Saturday, January 24, 2026

 

Fossilized vomit reveals first filter-feeding pterosaur in the tropics



A flying relative of dinosaurs, Bakiribu waridza (“comb mouth” in the Kariri language) filtered crustaceans and other small organisms from rivers and lakes, where it was likely swallowed by a predator that regurgitated it in the Araripe Basin in Brazil



Fundação de Amparo à Pesquisa do Estado de São Paulo





About 110 million years ago, two small pterosaurs, each about the size of a seagull, were flying over a lake or river, looking for food or perhaps bathing, when they were devoured by a large dinosaur or pterosaur. Later, when the predator passed through the Araripe Basin, a coastal region nearby, it regurgitated the least digestible parts of the pterosaurs – their skulls – as well as four fish that it had swallowed in a later meal.

In 2024, a group of researchers affiliated with Brazilian universities found the first species of filter-feeding pterosaur in the tropics in this vomit, which had been fossilized and stored in a museum for decades. The study was published in the journal Scientific Reports.

“It was very unexpected, because fossils from the Araripe region have been studied for decades and almost 30 types of pterosaurs had already been found, none of them filter feeders. We didn’t expect to find a new family for that region,” says Rubi Vargas Pêgas, who is conducting postdoctoral research at the Museum of Zoology of the University of São Paulo (MZ-USP) in Brazil with a fellowship from FAPESP.

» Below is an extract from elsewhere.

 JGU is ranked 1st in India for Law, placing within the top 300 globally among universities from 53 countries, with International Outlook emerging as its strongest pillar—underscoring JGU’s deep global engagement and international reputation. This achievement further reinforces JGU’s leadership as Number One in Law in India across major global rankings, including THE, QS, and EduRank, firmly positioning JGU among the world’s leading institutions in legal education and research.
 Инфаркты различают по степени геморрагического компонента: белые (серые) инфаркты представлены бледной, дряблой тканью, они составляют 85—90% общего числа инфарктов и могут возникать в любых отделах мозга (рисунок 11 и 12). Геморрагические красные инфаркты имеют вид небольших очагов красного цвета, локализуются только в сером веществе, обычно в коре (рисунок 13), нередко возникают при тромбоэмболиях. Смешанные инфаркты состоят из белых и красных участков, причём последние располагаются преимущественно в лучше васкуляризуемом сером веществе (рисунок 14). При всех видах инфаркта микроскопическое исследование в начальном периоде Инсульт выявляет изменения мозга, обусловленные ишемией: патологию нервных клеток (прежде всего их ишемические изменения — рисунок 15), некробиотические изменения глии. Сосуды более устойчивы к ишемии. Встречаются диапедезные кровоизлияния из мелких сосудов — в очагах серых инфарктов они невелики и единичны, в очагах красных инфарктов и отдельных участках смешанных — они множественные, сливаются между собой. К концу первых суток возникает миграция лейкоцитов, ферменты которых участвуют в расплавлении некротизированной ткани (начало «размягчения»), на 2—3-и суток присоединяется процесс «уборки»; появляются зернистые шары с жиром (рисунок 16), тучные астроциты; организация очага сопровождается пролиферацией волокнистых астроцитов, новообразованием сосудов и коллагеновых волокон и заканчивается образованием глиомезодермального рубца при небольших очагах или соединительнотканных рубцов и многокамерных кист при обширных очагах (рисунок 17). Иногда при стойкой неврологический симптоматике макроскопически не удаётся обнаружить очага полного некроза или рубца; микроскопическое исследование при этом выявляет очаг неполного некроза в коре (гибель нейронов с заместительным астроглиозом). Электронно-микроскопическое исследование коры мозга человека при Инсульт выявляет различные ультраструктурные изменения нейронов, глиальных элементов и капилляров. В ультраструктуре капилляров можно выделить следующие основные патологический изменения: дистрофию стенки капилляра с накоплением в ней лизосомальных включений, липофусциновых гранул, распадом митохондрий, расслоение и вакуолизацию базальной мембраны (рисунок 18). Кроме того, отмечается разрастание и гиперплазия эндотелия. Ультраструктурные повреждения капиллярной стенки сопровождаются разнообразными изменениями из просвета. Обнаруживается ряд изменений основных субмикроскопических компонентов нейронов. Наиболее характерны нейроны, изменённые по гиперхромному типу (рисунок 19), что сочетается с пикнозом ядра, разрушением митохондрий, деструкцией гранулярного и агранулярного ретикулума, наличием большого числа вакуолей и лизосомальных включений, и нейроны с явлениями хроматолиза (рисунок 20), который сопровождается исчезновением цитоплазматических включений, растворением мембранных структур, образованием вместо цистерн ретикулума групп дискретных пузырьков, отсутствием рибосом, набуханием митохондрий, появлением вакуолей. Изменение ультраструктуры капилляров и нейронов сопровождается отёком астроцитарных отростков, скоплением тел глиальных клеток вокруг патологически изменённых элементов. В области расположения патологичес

Filter-feeding pterosaurs had fine, bristle-like teeth that were very close together. They used these teeth to filter small aquatic organisms, such as crustaceans. For that reason, they were linked to freshwater habitats rather than saltwater habitats, such as the Araripe Basin, during that period.

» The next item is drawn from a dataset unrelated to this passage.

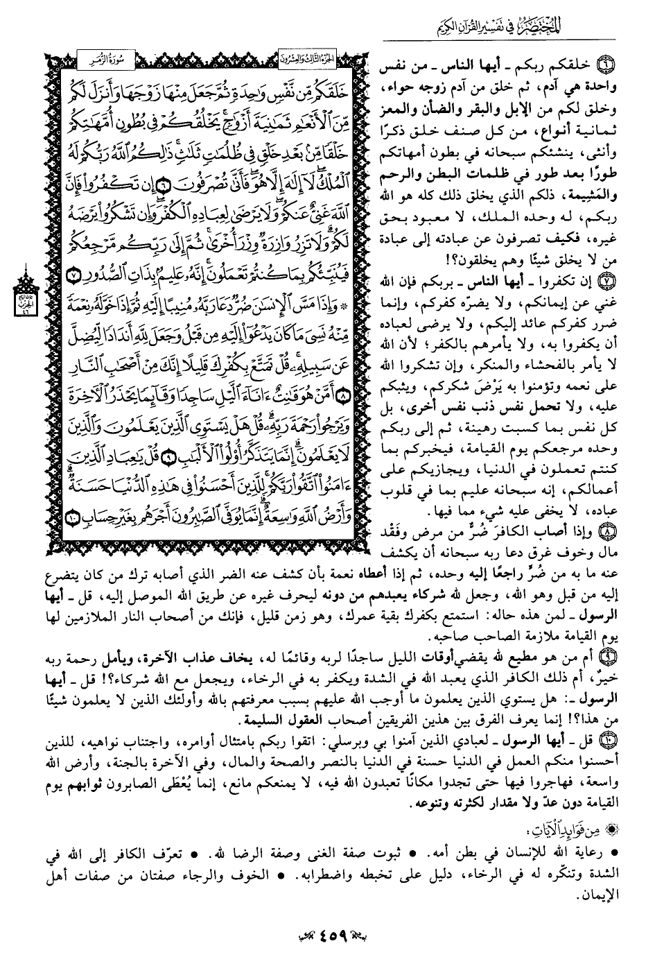 9 - أم من هو مطيع لله يقضي أوقات الليل ساجدًا لربه وقائمًا له، يخاف عذاب الآخرة، ويأمل رحمة ربه خيرٌ، أم ذلك الكافر الذي يعبد الله في الشدة ويكفر به في الرخاء، ويجعل مع الله شركاء؟! قل -أيها الرسول-: هل يستوي الذين يعلمون ما أوجب الله عليهم بسبب معرفتهم بالله وأولئك الذين لا يعلمون شيئًا من هذا؟! إنما يعرف الفرق بين هذين الفريقين أصحاب العقول السليمة.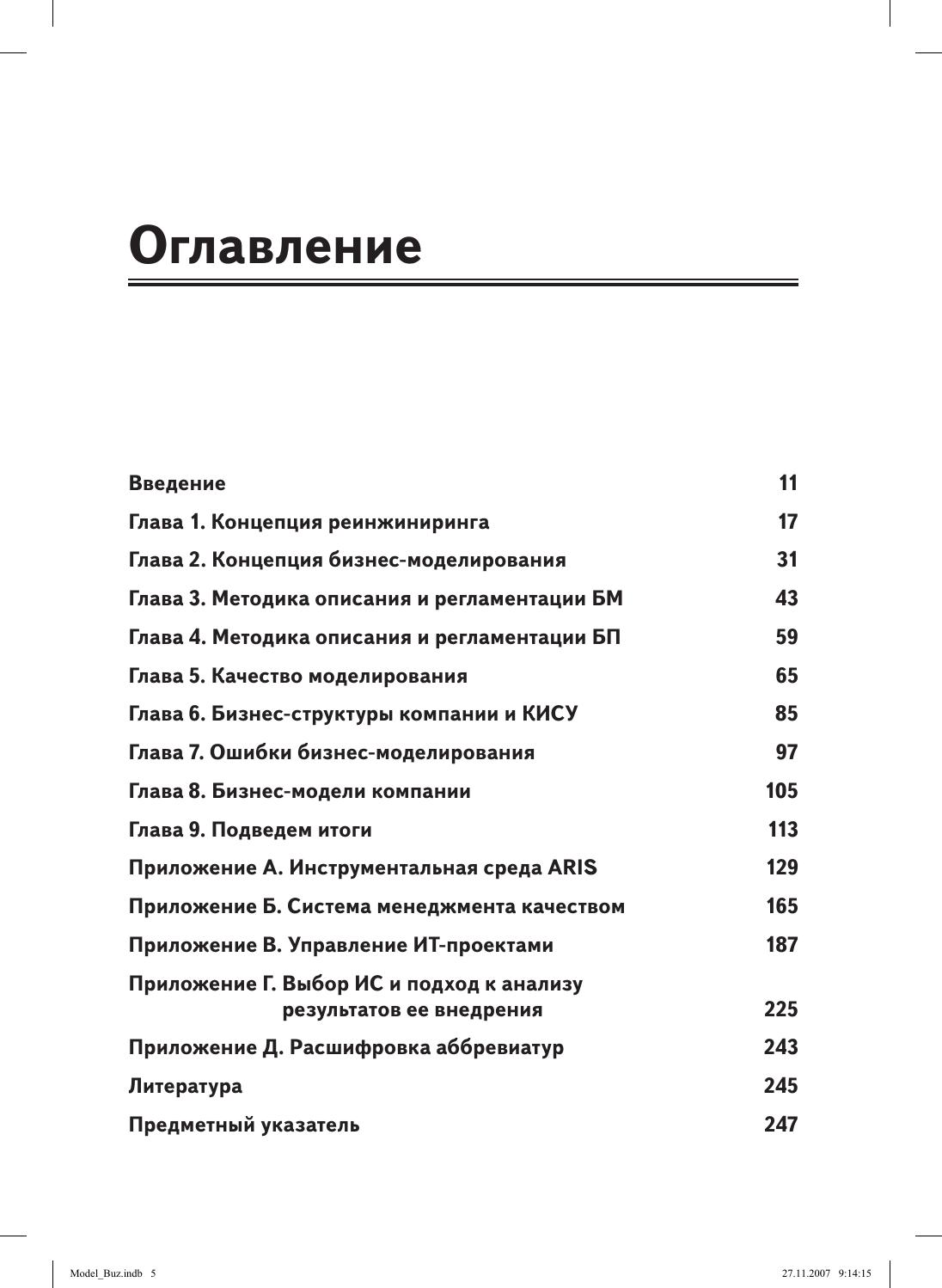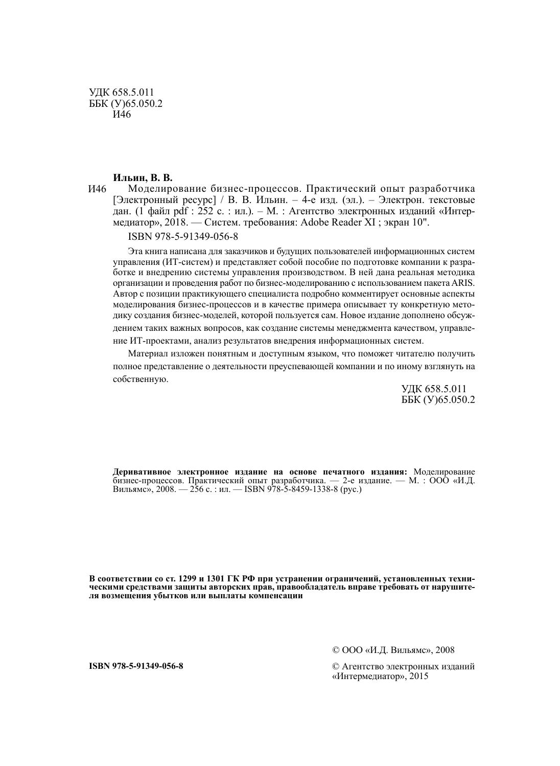 Эта книга написана для заказчиков и будущих пользователей информационных систем управления (ИТ-систем) и представляет собой пособие по подготовке компании к разработке и внедрению системы управления производством. В ней дана реальная методика организации и проведения работ по бизнес-моделированию с использованием пакета ARIS. Автор с позиции практикующего специалиста подробно комментирует основные аспекты моделирования бизнес-процессов и в качестве примера описывает ту конкретную методику создания бизнес-моделей, которой пользуется сам. Новое издание дополнено обсуждением таких важных вопросов, как создание системы менеджмента качеством, управление ИТ-проектами, анализ результатов внедрения информационных систем.

Therefore, the regurgitation helps explain why Bakiribu waridza, meaning “comb mouth” in the Kariri language, was in that region. The Araripe Basin is now part of three Brazilian states: Piauí, Ceará, and Pernambuco. However, it is a plateau only 160 kilometers long from east to west and 30 to 50 kilometers wide from north to south.

“It was therefore an environment surrounded by others that weren’t necessarily preserved in the fossil record. This species might never have been known if it hadn’t been regurgitated in Araripe, known for the preservation of its fossils,” adds Pêgas, who completed an internship at the Beipiao Pterosaur Museum in China, also with a scholarship from FAPESP.

The “regurgitallite,” or fossilized vomit, showed signs of wear on the pterosaur bones due to gastric juices, as well as four well-preserved fish that were likely swallowed shortly before being “returned” with the Bakiribu.

Paleontologist Aline M. Ghilardi, a professor at the Federal University of Rio Grande do Norte (UFRN) who coordinated the study, was particularly interested in the orientation of the remains, all of which were in the same direction. “Today’s fish-eating birds swallow animals whole by the head to avoid choking on fins. Whoever ate the Bakiribu and the fish probably did so in the same way, since they are all oriented in the same direction,” she explains.

The most likely predator was a spinosaurid, such as Irritator challengeri. This was one of the few piscivores in the region that ate pterosaurs and was large enough to hold Bakiribu, the four fish, and other prey in its stomach.

A less likely candidate would be a larger pterosaur, Tropeognathus mesembrinus. With a wingspan of about eight meters, it was the only one large enough to swallow the filter feeders in the region.

Museums

Bakiribu waridza belongs to the Ctenochasmatidae family of pterosaurs. Until now, species of this family had only been found in Europe, East Asia, and southern South America (Argentina). Within the evolutionary tree of pterosaurs, the new Araripe species lies between the more recent Argentine species, Pterodaustro guinazui, and the older European genus, Ctenochasma.

The rock block was found in the collection of the Câmara Cascudo Museum at UFRN, located in a region not part of the Araripe region. Supervised by Ghilardi, scientific initiation student William Bruno de S. Almeida, supervised by Ghilardi, was conducting a survey of the museum’s fish fossils when he came across the pterosaur.

“Fish are very abundant organisms in the Araripe fossil record, which is perhaps why no one realized that among them was an animal that was still unknown,” suspects Pêgas.

Upon realizing that it was a pterosaur, Ghilardi assembled a team of experts who examined the fossil in Natal. Within a few days, they wrote the first draft of the published scientific article.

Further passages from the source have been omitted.